*YOUR TASK:* Retype every line from the start of the data down to and including the line with "Table De Bar". Skip the pictures.
DATA: Begin
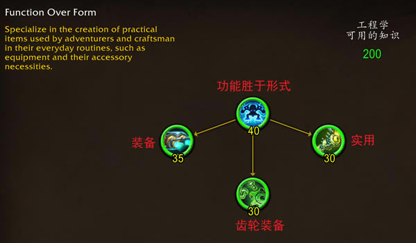 功能胜于形式:专注于创造冒险家和工匠在日常工作中使用的实用物品,在这个专精中每点获得与设备及其改进有关的所有制作+1技能。共计消耗40点知识点数。其中
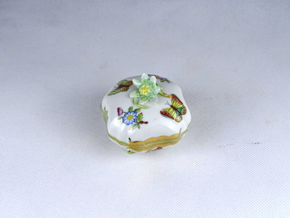 Hibátlan állapotú, nyolcszög alakú, négy kis lábon álló, viktória mintás Herendi porcelán bonbonier, tetején plasztikus virág díszítéssel. A virág szirmai közűl három restaurátor által szakszerűen javított.
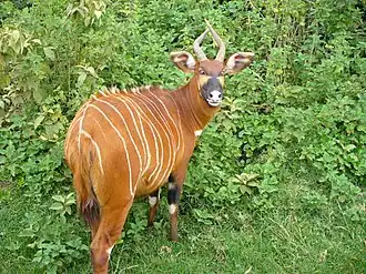 Tragelaphus is a genus of medium-to-large-sized spiral-horned antelopes. It contains several species of bovines, all of which are relatively antelope-like. Species in this genus tend to be large in size and lightly built, and have long necks and considerable sexual dimorphism. Elands, including the common eland (Taurotragus oryx), are embedded within this genus, meaning that Taurotragus must be subsumed into Tragelaphus to avoid paraphyly. Alternatively, Taurotragus could be maintained as a separate genus, if the nyala and the lesser kudu are relocated to their own monospecific genera, respectively Nyala and Ammelaphus. Strepsiceros is a generic synonym.[2] Genus Boocercus formerly contained T. eurycerus.[3] The name "Tragelaphus" comes from the mythical tragelaph.
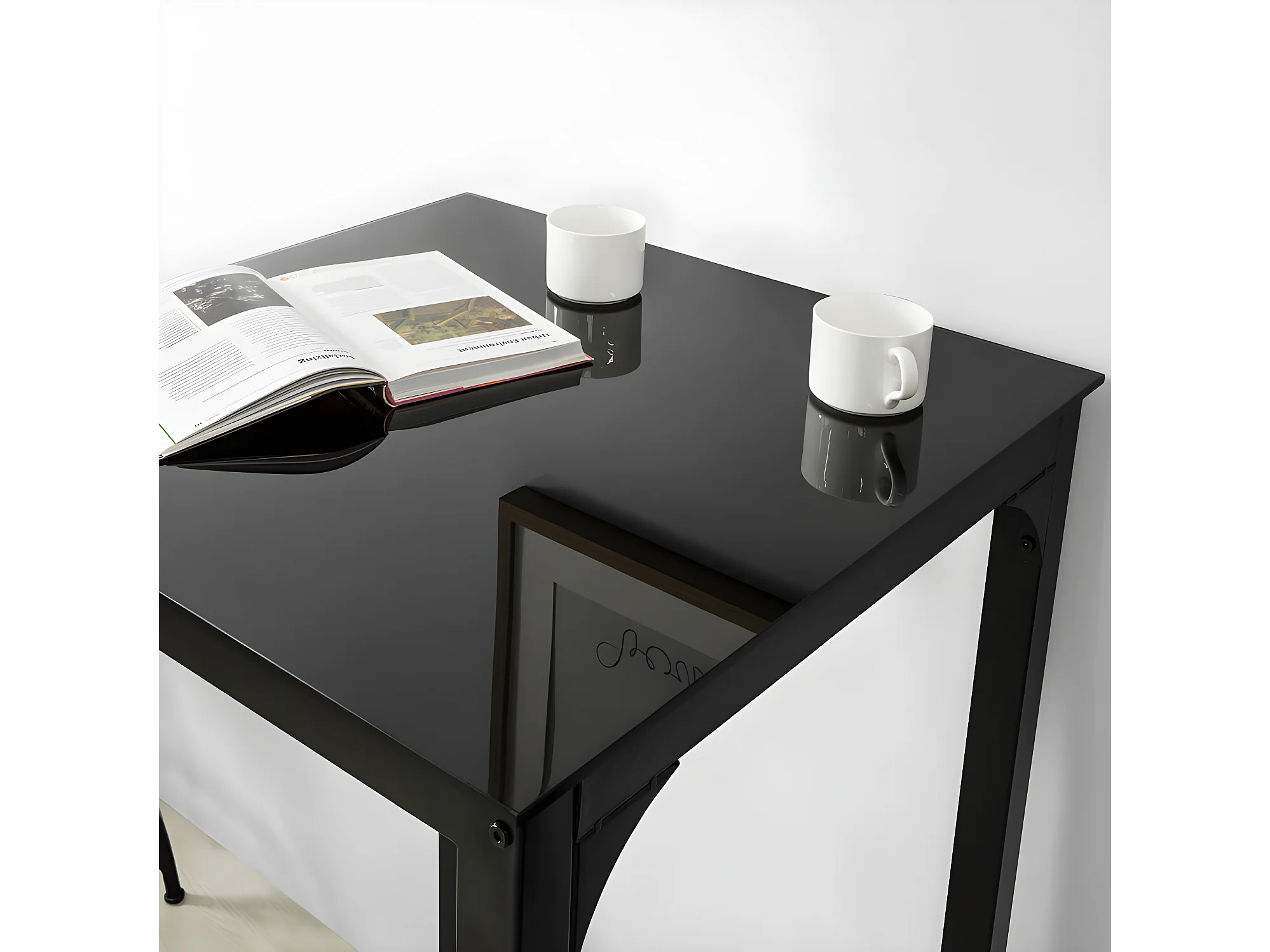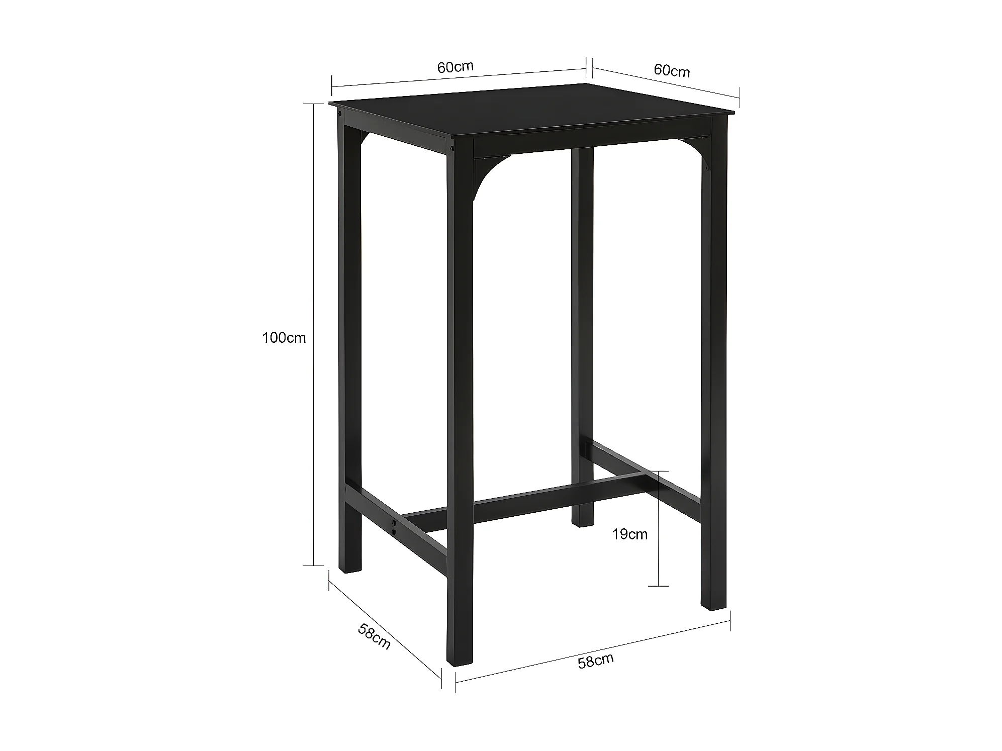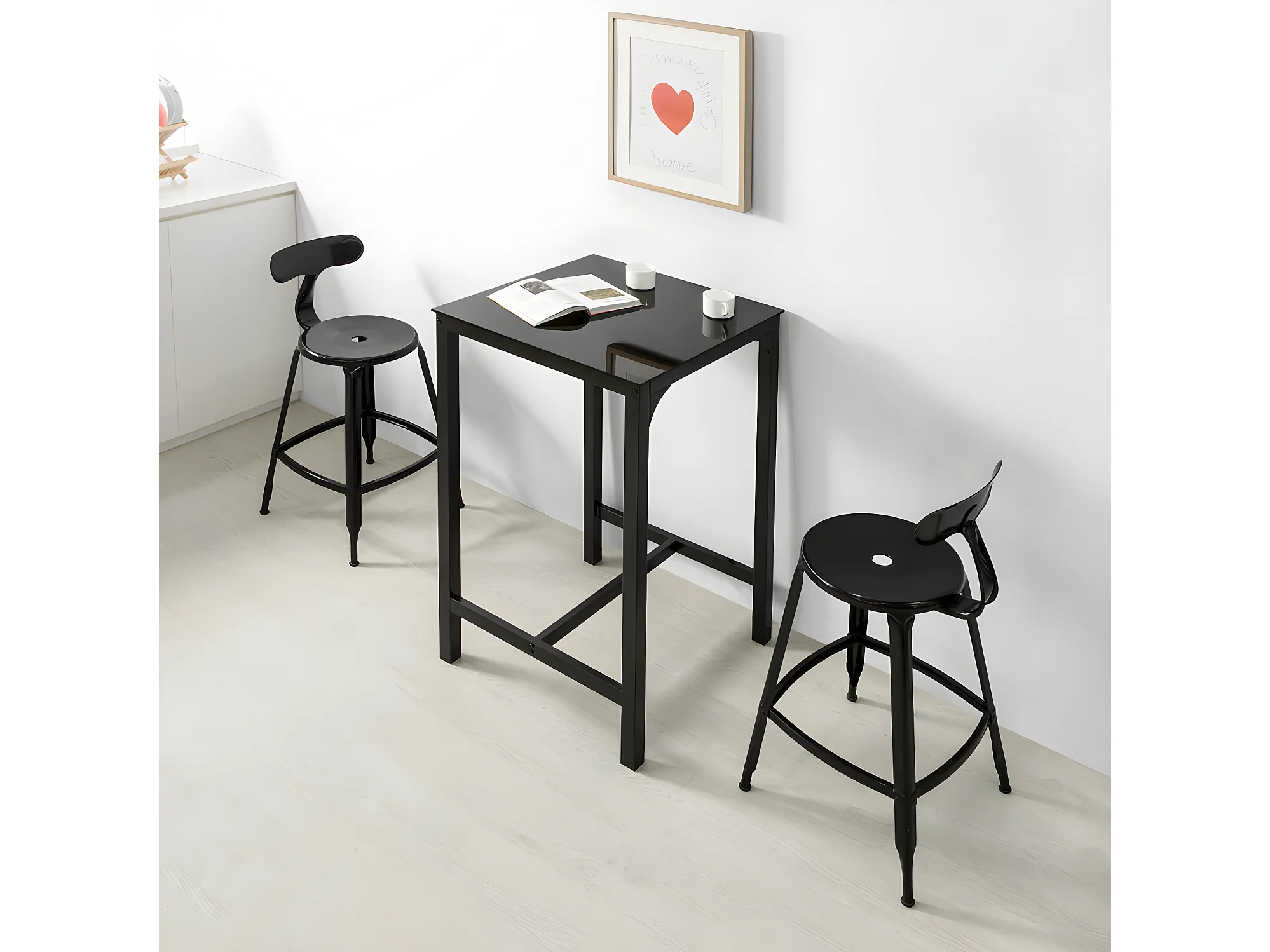 Table De Bar Carrée Table De Salle À Manger Plateau En Verre Pieds En Acier Robuste Noir, Ogt38-sch
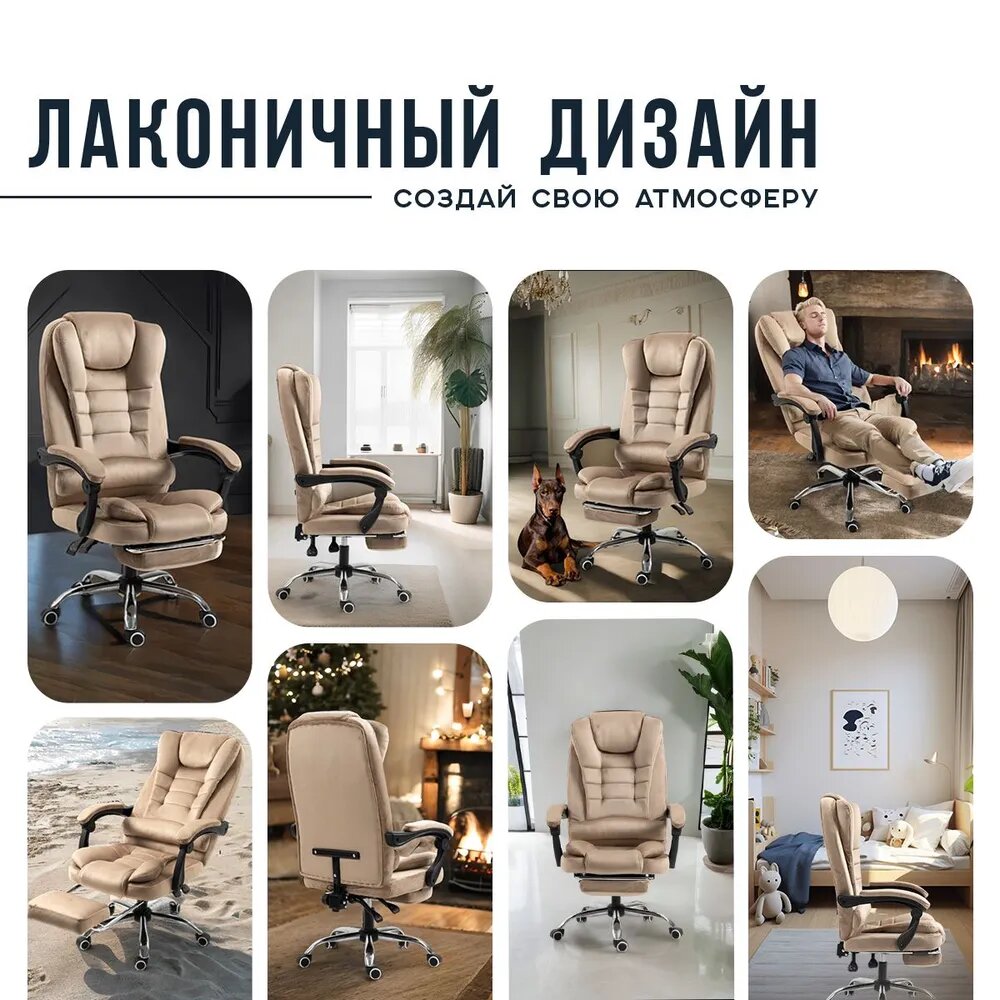 Кресло руководителя с подножкой, кресло компьютерное с подставкой для ног, прочная ткань, бежевое интересное:
DATA: End
*TASK OUTPUT:*
 功能胜于形式:专注于创造冒险家和工匠在日常工作中使用的实用物品,在这个专精中每点获得与设备及其改进有关的所有制作+1技能。共计消耗40点知识点数。其中
 Hibátlan állapotú, nyolcszög alakú, négy kis lábon álló, viktória mintás Herendi porcelán bonbonier, tetején plasztikus virág díszítéssel. A virág szirmai közűl három restaurátor által szakszerűen javított.
 Tragelaphus is a genus of medium-to-large-sized spiral-horned antelopes. It contains several species of bovines, all of which are relatively antelope-like. Species in this genus tend to be large in size and lightly built, and have long necks and considerable sexual dimorphism. Elands, including the common eland (Taurotragus oryx), are embedded within this genus, meaning that Taurotragus must be subsumed into Tragelaphus to avoid paraphyly. Alternatively, Taurotragus could be maintained as a separate genus, if the nyala and the lesser kudu are relocated to their own monospecific genera, respectively Nyala and Ammelaphus. Strepsiceros is a generic synonym.[2] Genus Boocercus formerly contained T. eurycerus.[3] The name "Tragelaphus" comes from the mythical tragelaph.
 Table De Bar Carrée Table De Salle À Manger Plateau En Verre Pieds En Acier Robuste Noir, Ogt38-sch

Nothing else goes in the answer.